Bengal govt gives up hope, sees Tata exiting Singur
Bengal govt gives up hope, sees Tata exiting Singur
Kolkata: West Bengal chief minister Buddhadeb Bhattacharjee told his cabinet on Thursday that Tata Motors Ltd had indicated that it would not restart work at its proposed small car factory in Singur under police protection.
“So, they (Tata Motors) are very likely going to leave," Nanda Gopal Bhattacharyya, minister for water investigation and development, quoted the chief minister as saying in the cabinet meeting. Two other ministers ‘Mint spoke to—Kshiti Goswami and Rezzak Mollah—confirmed that the chief minister had almost given up hope on a Tata factory in Singur.
After the meeting, the cabinet issued a statement requesting Tata Motors not to pull the plug on the Singur factory where the auto maker had planned to manufacture the Nano, the world’s cheapest car.
In the same statement, the ministers urged political parties and farmers opposing the land acquisition in Singur to accept the revised package and cooperate in wooing Tata Motors back.

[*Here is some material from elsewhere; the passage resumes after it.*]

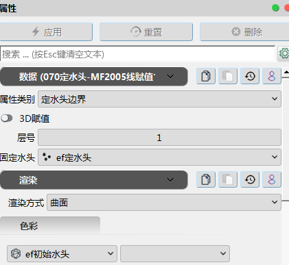 选中060图层,进行MF2005线赋值快速操作,模型工程图层选择060图层,属性图层定水头值-计算器2,生成MF2005线赋值1图层,将其命名为070定水头MF2005线赋值1图层。在该图层属性面板中,属性类别选择定水头边界,层号为1,固定水头选择散点ef定水头,单击应用。将初始水头以曲线显示,即可在视图1中看到定义好的定水头。
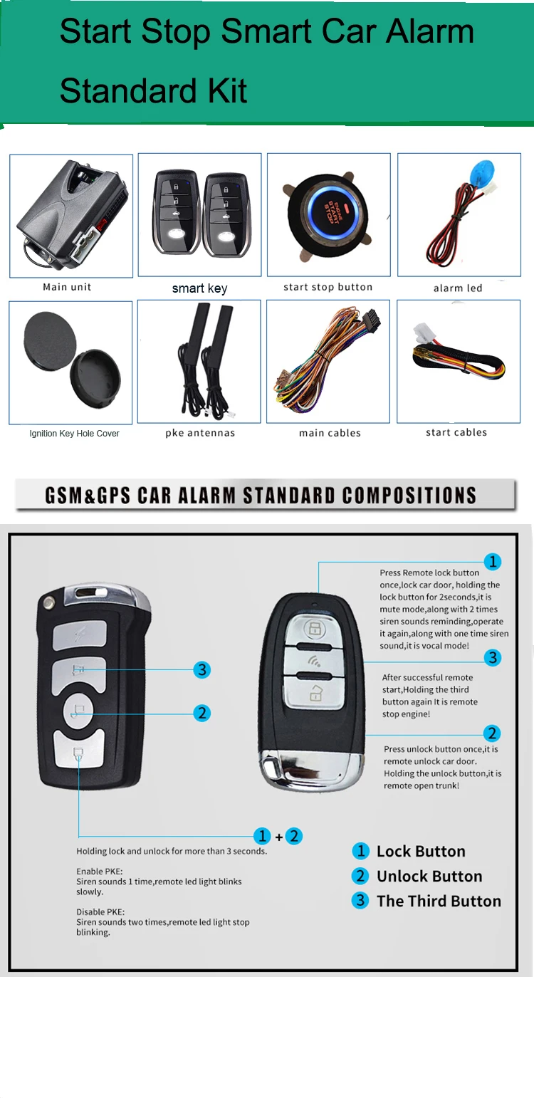 Детали автомобильной сигнализации-- Основные функции1.Бесключевая система входа2. Двигатель Пусковой остановки3. Двигатель с дистанционным запуском4. Боковая дверная сигнализация5. Дистанционное открытие багажника6. Удаленный поиск автомобиля7. Пусковая сигнализация8. Умный анти-угон9. Режим отключения звука10. Автоматический Центральный замок (не отключить)11. Светильник вспышки открытой двери (не отключен)Рекомендуется карточка

On 22 August, Tata Motors’ chairman Ratan Tata had said in Kolkata that his company would pull out of West Bengal despite having invested Rs1,500 crore in Singur if his workers continued to be attacked and intimidated by the locals. The company was forced to stop work at the factory because the Trinamool Congress, the state’s principal opposition party, laid siege to the project site in Singur.
Earlier this month, governor Gopalkrishna Gandhi tried to broker peace and the government agreed to raise the compensation paid to farmers two years ago by 50%, but Trinamool Congress chief Mamata Banerjee rejected the proposal. She insisted that and be returned to the farmers from within the 997 acre project site.
Meanwhile, Tata Motors insisted Thursday it would stick to its planned schedule for the high-profile rollout of the Nano, despite months of protests over a land dispute.
“The Nano car will roll out during the last quarter of the calendar year between October and December as promised," a Tata Motors official said.